Наутро Тимохин парень — из соседнего проулка — постучал с улицы в окно длинным прутом.
— Дома хозяева?.. Здоровате, — сказал он выбежавшей на крыльцо Устинье.
— Здоровенько.
— Дома Дементей?
— Нетути. — Вчерась ваш Андрюха чуть было избу у Микиты не спалил.
— Что ж не ревешь? Вот язва-то! — всплеснула руками Устинья.
— Заложил парень, напился как ошалелый.
Когда Дементею передали это, он, оставшись с братом наедине, глянул на него в упор:
— Ты за что натокался тестя спалить?
— Напился, — виновато отвечал Андрей.
— Оказия! Пошто не скажешь, что с Анисьей-то у тебя деется? — Ничего. Пьяный был, говорю…
Случайно проведав о пьяной блажи младшего сына, Иван Финогеныч нагрянул с Обора.
— С чего он, бать? — встречая отца на пороге, развел руками Дементей.
Ивану Финогенычу не надо было гадать — с чего. И вновь, с еще горшей болью, почувствовал он, что враждебные силы чужого мира, ворвавшиеся в согласную семейскую жизнь, несправедливо, слепо обрушили удары на его голову. Почему он первый? Разве он плоше всех? Сухая злость, как тогда, подступила к горлу.

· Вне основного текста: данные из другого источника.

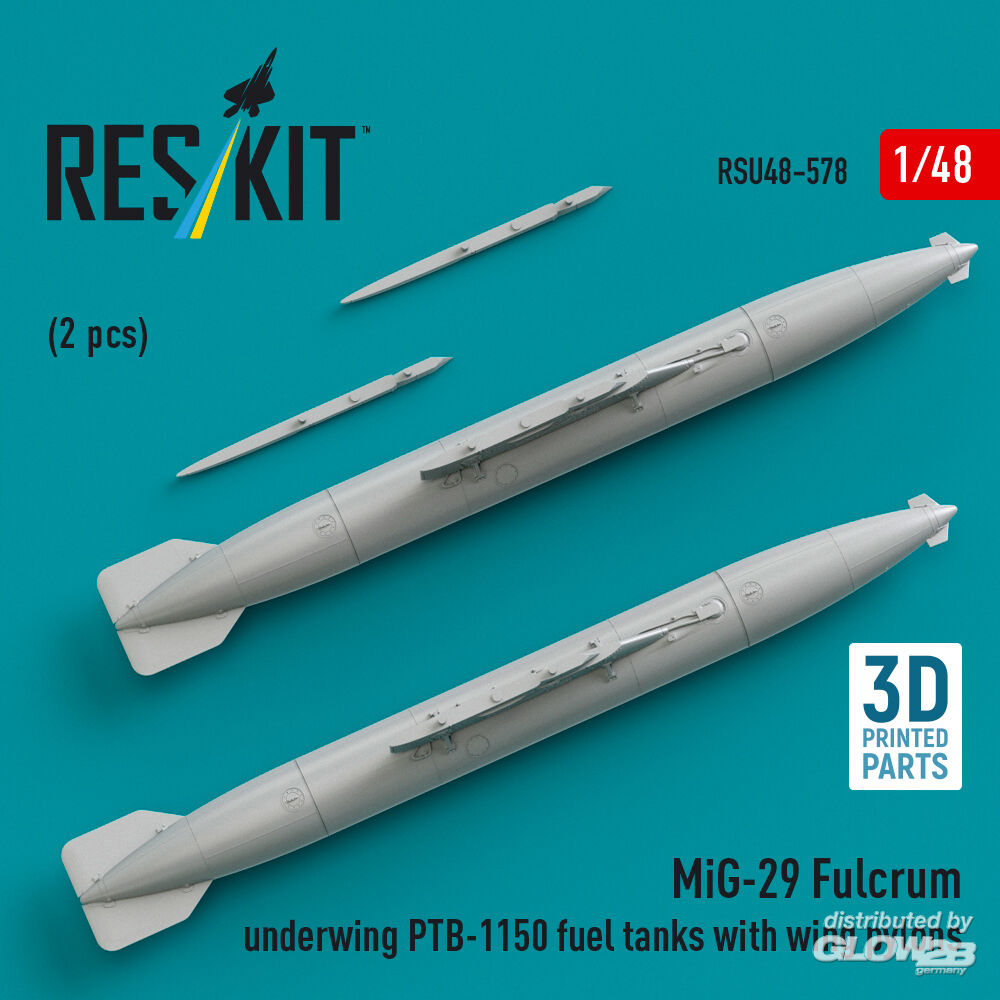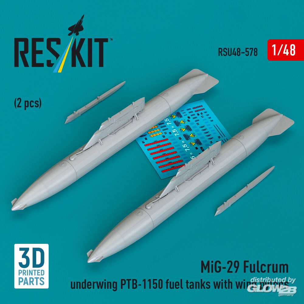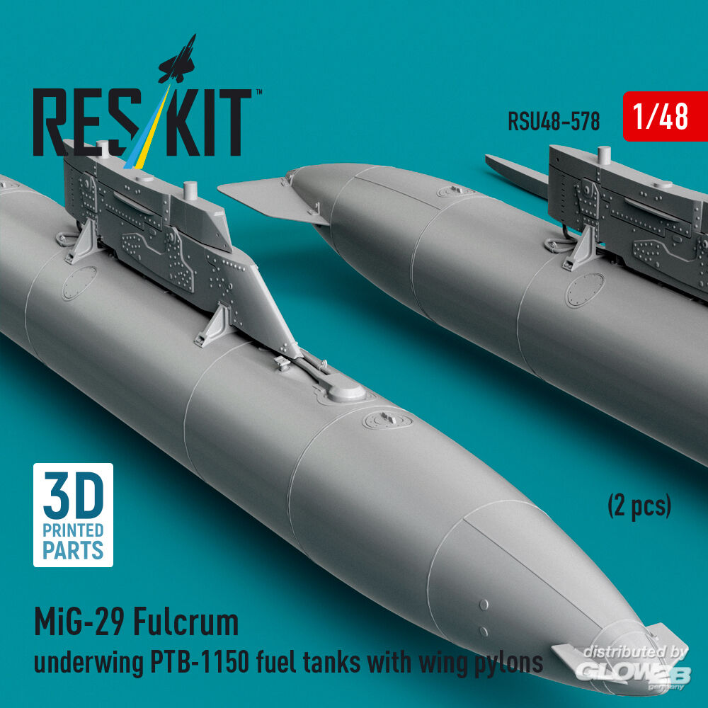 ResKit Models: MiG-29 Fulcrum underwing PTB-1150 fuel tanks with wing pylons (2 pcs) (3D Printed) in 1:48 [4594205780]

Андрея он разыскал на заднем дворе.
— Палить, сказывают, Микиту сбирался? — вперил он острые глаза в сына. — Трезвенность бросаешь?

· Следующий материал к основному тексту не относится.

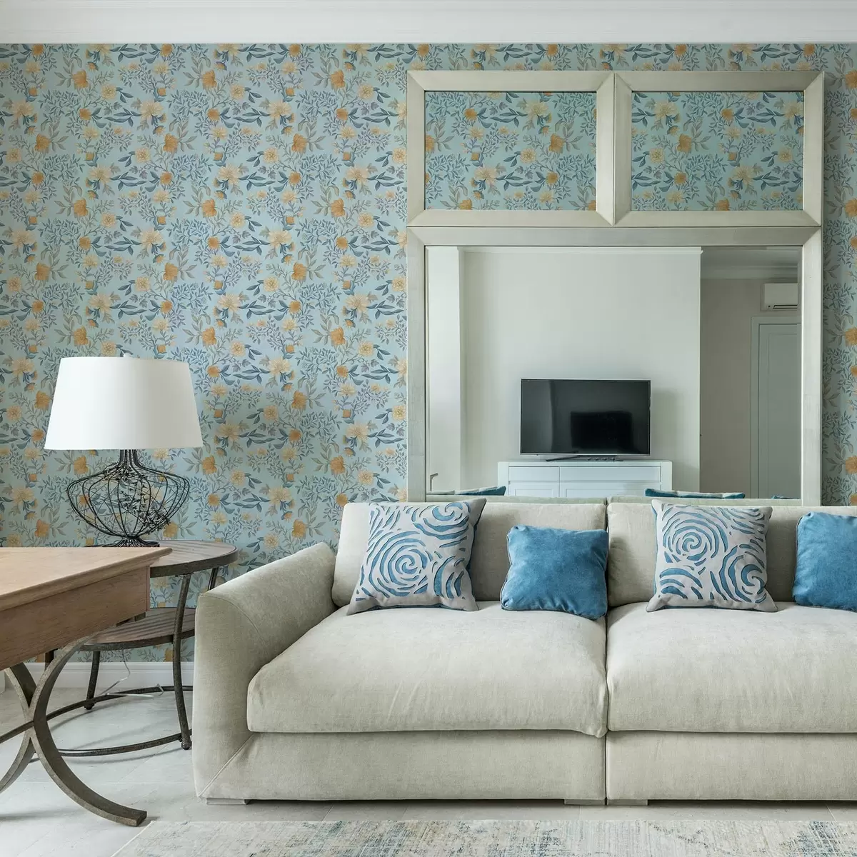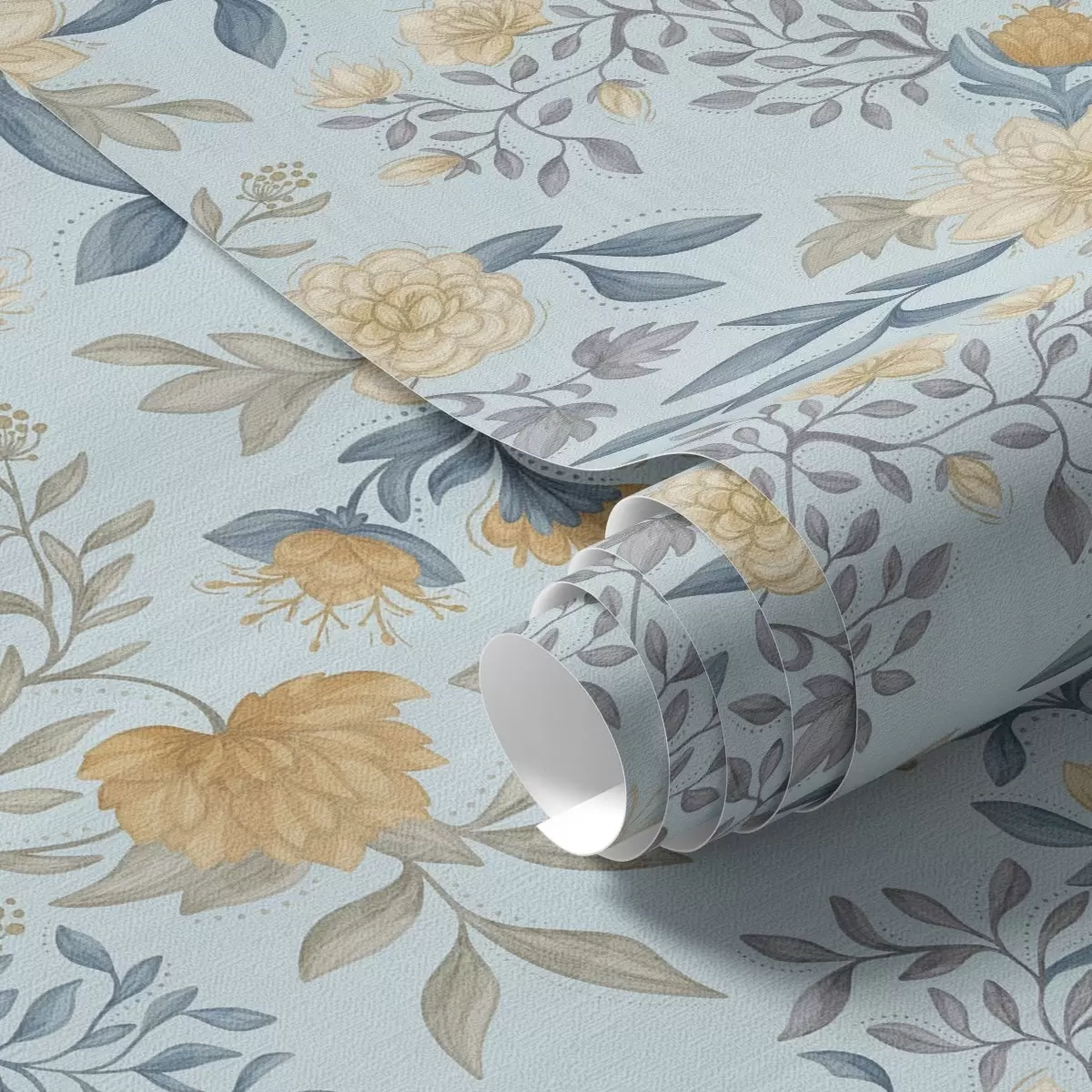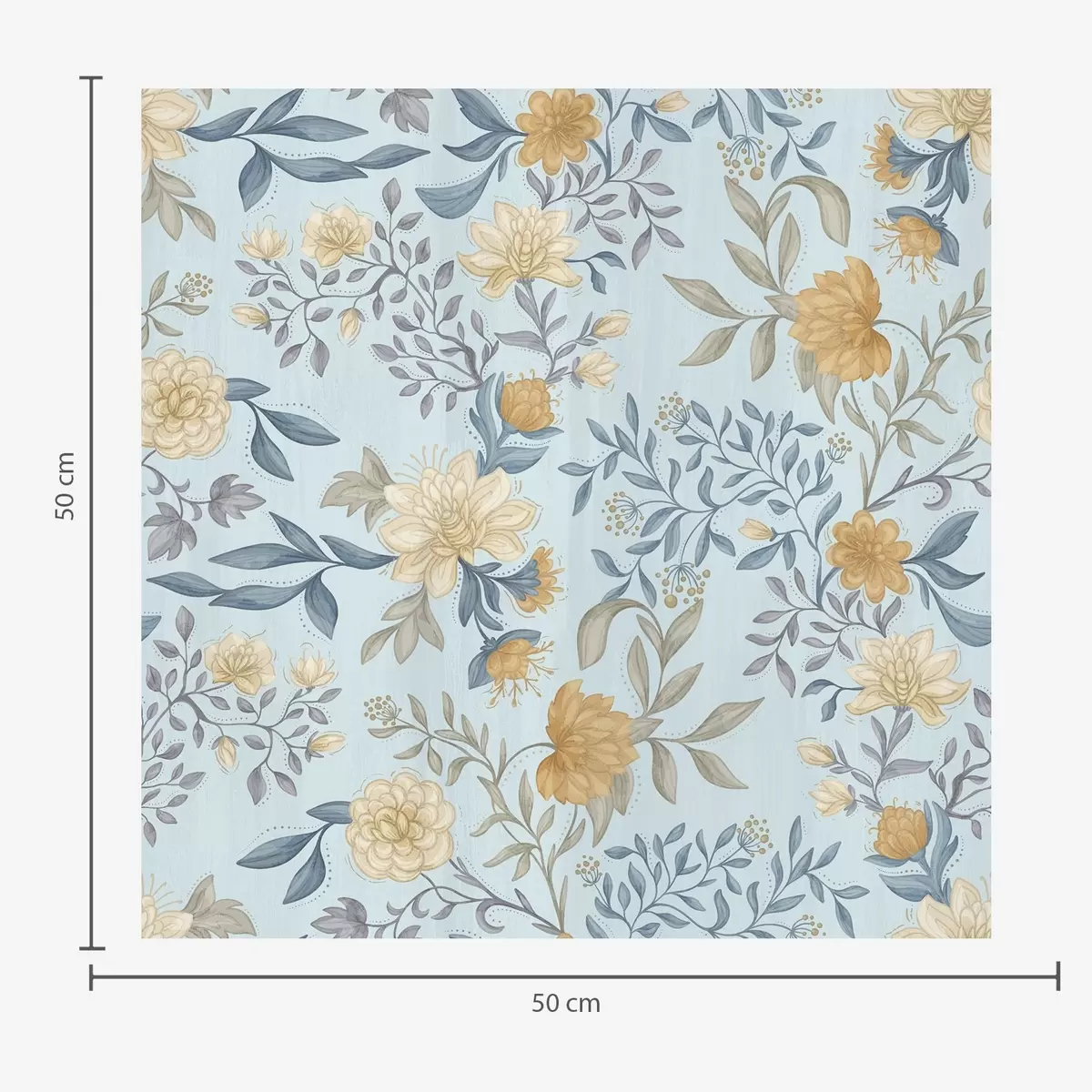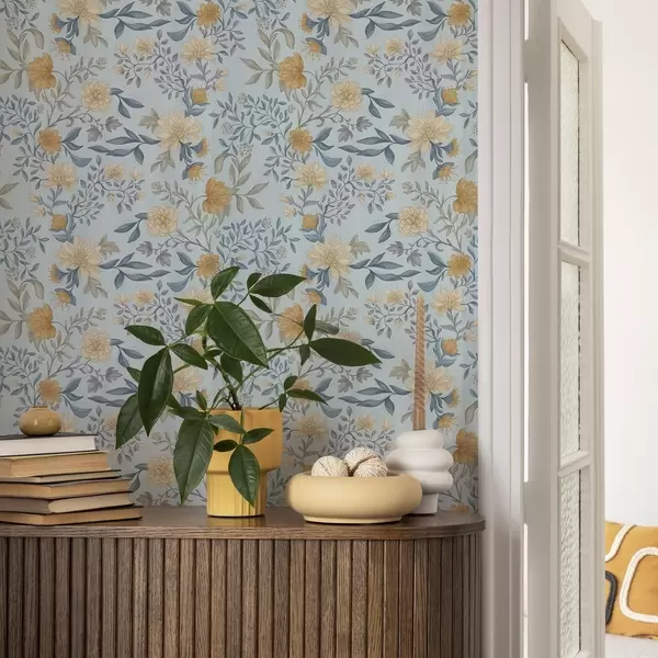 Tapety Żółte i niebieskie kwiaty z liśćmi na błękitnym tle Nr. a00934

— Не бросаю я, батя. Не любо мне вино, да… Эх! Тяжко мне! — всхлипнул Андрей.
— Что ж, сынок, делать станешь… Что бог связал, человеку, видно, не развязать. Поедем-ка со мной на Убор, для охоты самое время.
Последний зимний месяц Андрей провел в оборском убежище отца. Горе уже не скребло сердца и не давило камнем голову, но прежняя веселость и бездумье не возвращались к нему.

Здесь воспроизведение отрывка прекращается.